Major Tasks in Data Preprocessing

  • Data cleaning
    : Fill in missing values, smooth noisy data, identify or remove outliers, and resolve inconsistencies

    => 변수가 누락되어 있는 경우와 잘못 기록된 경우는 어떻게 처리하는지

  • Data integration
    : Integration of multiple databases, data cubes, or files

    => 여러 데이터를 합칠 때, 일관성을 해치지 않는 방법

  • Data reduction
    : Dimensionality reduction, Data compression

    => 데이터가 너무 클 경우 어떻게 줄이는가

  • Data transformation
    : Discretization, Normalization

    => 데이터를 어떻게 변형시키는가

Data Cleaning

📙 NOTE: Data Quality: Why Preprocess the Data?

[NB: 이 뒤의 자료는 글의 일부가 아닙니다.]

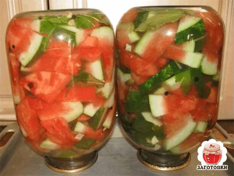 МАРИНОВАННЫЕ АРБУЗЫ Уже несколько мариную арбузы. Очень они получаются интересными на вкус. А сам процесс не занимает много времени. В супермаркетах они еще есть, так что можете и вы успеть приготовить. Арбуз режем небольшими кусками и очищаем шкурку (пробовала мариновать и со шкурой, но она таки твердовата потом). Готовим банки – хорошо помыть и простерилизовать привычным способом. В каждую банку кладем веточку укропа, лавровый листик, зуб чеснока и заливаем кипятком. Прикрываем ошпаренными к

  • Measures for data quality: A multidimensional view
  • Accuracy: 얼마나 정확하게 데이터가 수집이 되었는지. correct or wrong, accurate or not
  • Completeness: 기록이 잘 안된 것들은 없는지 not recorded, unavailable, …
  • Consistency: 일관성이 있는지. some modified but some not, dangling, …
  • Timeliness: 얼마나 주기적으로 업데이트가 되는지. timely update?
  • Believability: how trustable the data are correct?
  • Interpretability: how easily the data can be understood?


현실의 데이터들은 매우 다양하고 더럽다. “Data in the Real World Is Dirty.”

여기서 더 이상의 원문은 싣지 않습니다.